The narrator digresses to tell the story of Simon Thibault, a French ambassador, and his wife, Edith. For decades, Simon took his wife for granted. There were so many elegant women in Paris that his wife didn’t seem exceptional. But when he was stationed in what he and his wife call “this godforsaken country,” Simon fell utterly in love with her all over again. Now his heart leaps for her like it did when they were young.

The chatter among the hostages has increased so much that General Alfredo shoots at the ceiling in order to restore order. A moment later, someone knocks on the door. Joachim Messner, a Swiss representative of the Red Cross vacationing in the country, has been called in to negotiate between the government and the terrorists. He behaves calmly, as if he is chatting with his neighbors, not negotiating with terrorists. Through the help of Hosokawa’s translator, Gen Watanabe, Messner and the generals agree that all ill prisoners and women prisoners will be exchanged for food and other supplies the terrorists need.

Messner sees the wound on the vice president’s face and says it should be treated. Esmeralda, the governess for the vice president’s children, gets a needle and thread and gives them to Messner. But when Messner’s first attempt to stitch up the vice president’s face proves awkward, Esmeralda takes over and stitches the vice president’s face as if it were the most natural thing in the world.
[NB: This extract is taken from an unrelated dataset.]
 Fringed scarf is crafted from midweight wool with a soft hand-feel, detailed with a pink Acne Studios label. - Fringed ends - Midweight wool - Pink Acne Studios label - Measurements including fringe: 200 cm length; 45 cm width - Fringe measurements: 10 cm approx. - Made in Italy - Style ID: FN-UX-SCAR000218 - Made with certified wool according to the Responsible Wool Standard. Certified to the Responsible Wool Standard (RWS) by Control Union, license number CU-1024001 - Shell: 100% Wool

When she is done, the generals tell her and Messner to lie down. Messner says, “I don’t lie down,” and leaves.

The narrator briefly describes Monsignor Rolland, a high-ranking church official who has a good chance of becoming bishop one day. The narrator also describes Father Arguedas, a young priest and an opera-lover. When Arguedas was younger, his response to opera was so intense that he assumed it must be sinful. But after an older priest reassured him that it was not sinful, he decided his joy was a gift from God. Arguedas was able to attend Coss’s performance because a favorite cousin of the vice president pulled strings for him. Now, Father Arguedas is concerned about the young terrorists, and he suggests that one of them take a nap.
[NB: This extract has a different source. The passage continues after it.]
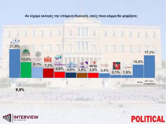 Στην ερώτηση «αν είχαμε εκλογές την επόμενη Κυριακή ποιο κόμμα θα ψηφίζατε;» οι πολίτες δίνουν 21,9% στη Νέα Δημοκρατία, 12% στο ΠΑΣΟΚ, 8,1% στην Ελληνική Λύση, 7,2% στο ΚΚΕ, 4,6% στην Πλεύση Ελευθερίας, 4% στη Φωνή Λογικής, 3,8% στο Κίνημα Δημοκρατίας, 3,8% στο ΜέΡΑ25, 3,4% στον ΣΥΡΙΖΑ, 2,1% στη Νέα Αριστερά, 1,9% στη Νίκη, 10% άλλο και 17,2% δεν έχει αποφασίσει.

Victor Fyodorov, a high-ranking Soviet official, has been craving a cigarette since being taken hostage. He decides he can’t wait any longer, and he lights up. One of the terrorists rushes over, but he is not prepared to kill Fyodorov for smoking a cigarette, and after a few drags, Fyodorov puts out his cigarette and the terrorist puts away his gun.

The narrator tells the story of Ruben Iglesias, the vice president of the country. Iglesias rose up from poverty, putting himself through law school by working as a clerk and a janitor. He married into a prominent family after he impregnated the daughter of one of the partners in his law firm. This family pushed him forward, and he rose through the ranks until eventually he was appointed vice president. This last appointment was largely due to the fact that the president, a short man, didn’t want a vice president who towered over him, and Iglesias was sufficiently short.

Soon Messner returns, and the generals prepare to free the ill, the women, and the workers. When Messner mistakes the captors for a more ruthless terrorist organization, the generals are offended, saying that they are reasonable men. The terrorists also decide to let the clerics go. Monsignor Rolland makes the sign of the cross and prepares to leave, but Father Arguedas asks to stay. Father Arguedas’s noble gesture infuriates the monsignor, who realizes that the lowly priest has shown himself to be a far braver man than he has, and by doing so in a circumstance that is sure to become highly public, has probably also ruined the monsignor’s chances of becoming bishop. Simon and Edith Thibault hug each other. Then those who have been freed leave as if, the narrator says, they are walking away from a burning building or a sinking ship.

Analysis

In the second chapter, the hostages make tentative gestures toward normalcy. They talk to one another, use the bathroom, light cigarettes. The potential for disaster and death is always close at hand—a gun could go off accidentally, a trigger-happy or angry terrorist could shoot, government troops could break in at any moment—but the characters continue to live life. Patchett writes, “If what a person wants is his life, he tends to be quiet about wanting anything else. Once the life begins to seem secure, one feels the freedom to complain.”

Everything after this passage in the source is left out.